Task prompt: With pictures omitted, the line containing "Este documento habla" and all later lines of the records below are to be restated word for word.

Task input:
=== Section Start ===

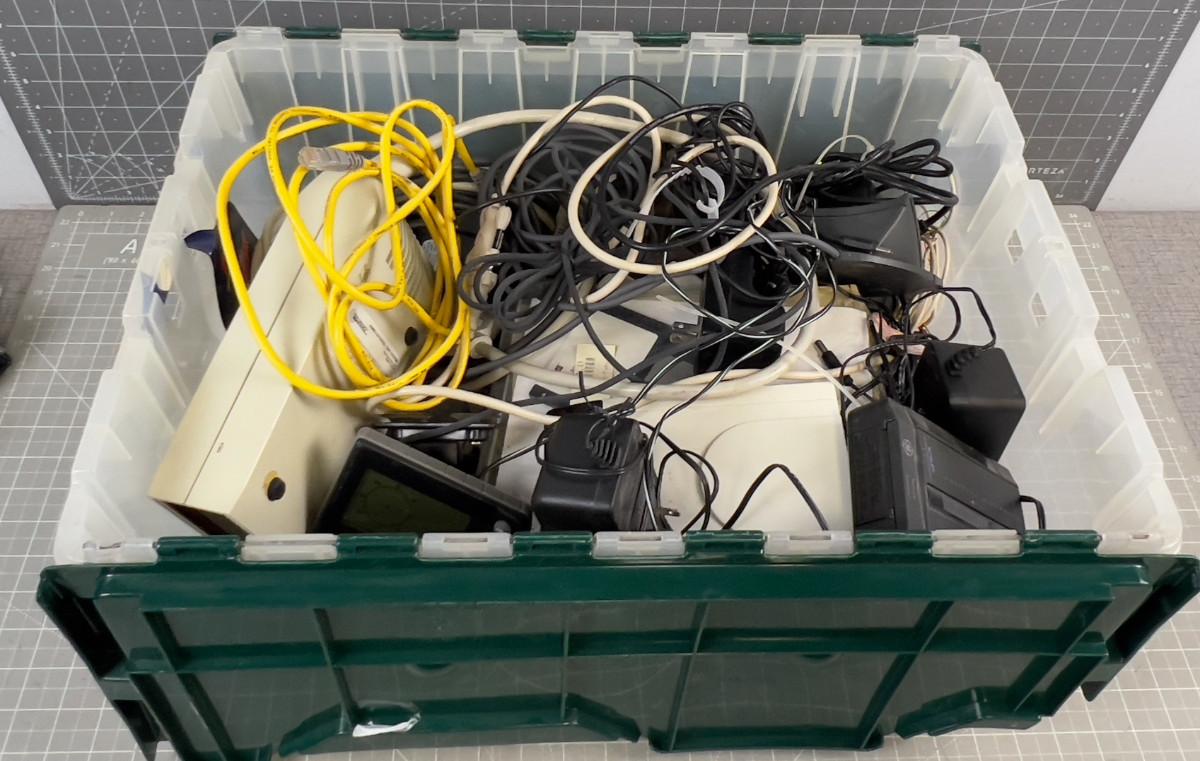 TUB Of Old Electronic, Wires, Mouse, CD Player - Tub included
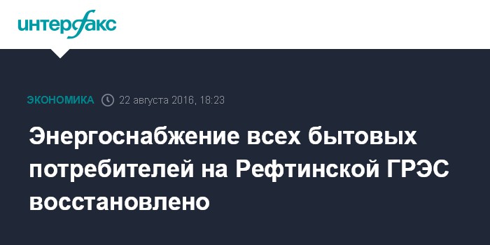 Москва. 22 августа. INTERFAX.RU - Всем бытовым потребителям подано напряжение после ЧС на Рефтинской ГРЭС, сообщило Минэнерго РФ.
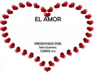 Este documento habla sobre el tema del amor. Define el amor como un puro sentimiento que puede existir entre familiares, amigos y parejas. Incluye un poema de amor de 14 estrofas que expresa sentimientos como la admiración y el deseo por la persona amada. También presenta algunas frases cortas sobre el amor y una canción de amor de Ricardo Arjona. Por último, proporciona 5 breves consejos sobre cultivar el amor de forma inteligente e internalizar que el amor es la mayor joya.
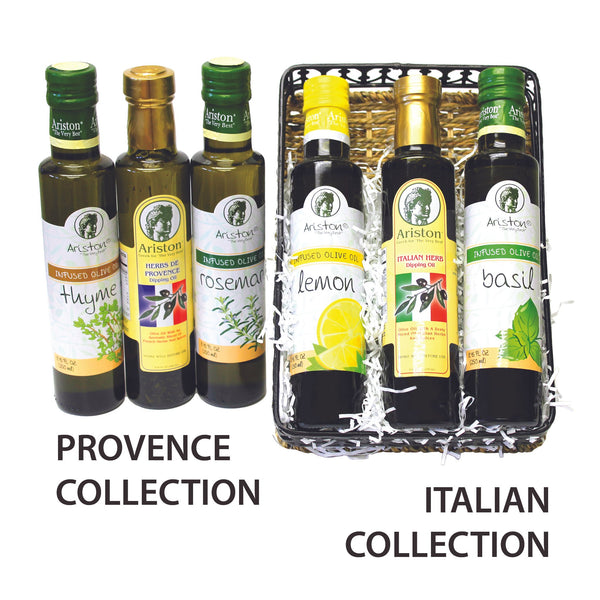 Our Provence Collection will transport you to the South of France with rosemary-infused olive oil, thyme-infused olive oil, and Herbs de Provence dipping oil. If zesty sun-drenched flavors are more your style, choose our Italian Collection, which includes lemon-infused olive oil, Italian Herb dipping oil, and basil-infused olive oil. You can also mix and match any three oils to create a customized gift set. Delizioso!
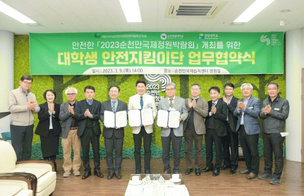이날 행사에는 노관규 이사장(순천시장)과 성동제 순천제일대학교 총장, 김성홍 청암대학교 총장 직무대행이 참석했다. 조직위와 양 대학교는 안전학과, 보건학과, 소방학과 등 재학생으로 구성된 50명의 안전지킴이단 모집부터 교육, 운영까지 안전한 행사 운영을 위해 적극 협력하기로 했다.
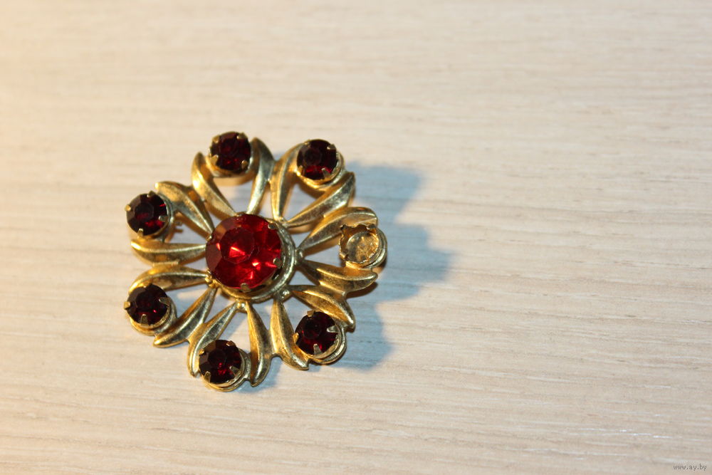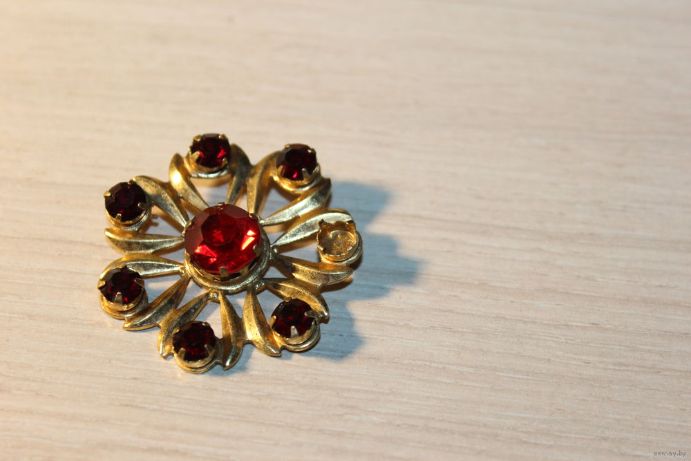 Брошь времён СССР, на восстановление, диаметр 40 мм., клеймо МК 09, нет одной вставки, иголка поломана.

=== Section End ===

Response for this exercise:
 Este documento habla sobre el tema del amor. Define el amor como un puro sentimiento que puede existir entre familiares, amigos y parejas. Incluye un poema de amor de 14 estrofas que expresa sentimientos como la admiración y el deseo por la persona amada. También presenta algunas frases cortas sobre el amor y una canción de amor de Ricardo Arjona. Por último, proporciona 5 breves consejos sobre cultivar el amor de forma inteligente e internalizar que el amor es la mayor joya.
 Our Provence Collection will transport you to the South of France with rosemary-infused olive oil, thyme-infused olive oil, and Herbs de Provence dipping oil. If zesty sun-drenched flavors are more your style, choose our Italian Collection, which includes lemon-infused olive oil, Italian Herb dipping oil, and basil-infused olive oil. You can also mix and match any three oils to create a customized gift set. Delizioso!
이날 행사에는 노관규 이사장(순천시장)과 성동제 순천제일대학교 총장, 김성홍 청암대학교 총장 직무대행이 참석했다. 조직위와 양 대학교는 안전학과, 보건학과, 소방학과 등 재학생으로 구성된 50명의 안전지킴이단 모집부터 교육, 운영까지 안전한 행사 운영을 위해 적극 협력하기로 했다.
 Брошь времён СССР, на восстановление, диаметр 40 мм., клеймо МК 09, нет одной вставки, иголка поломана.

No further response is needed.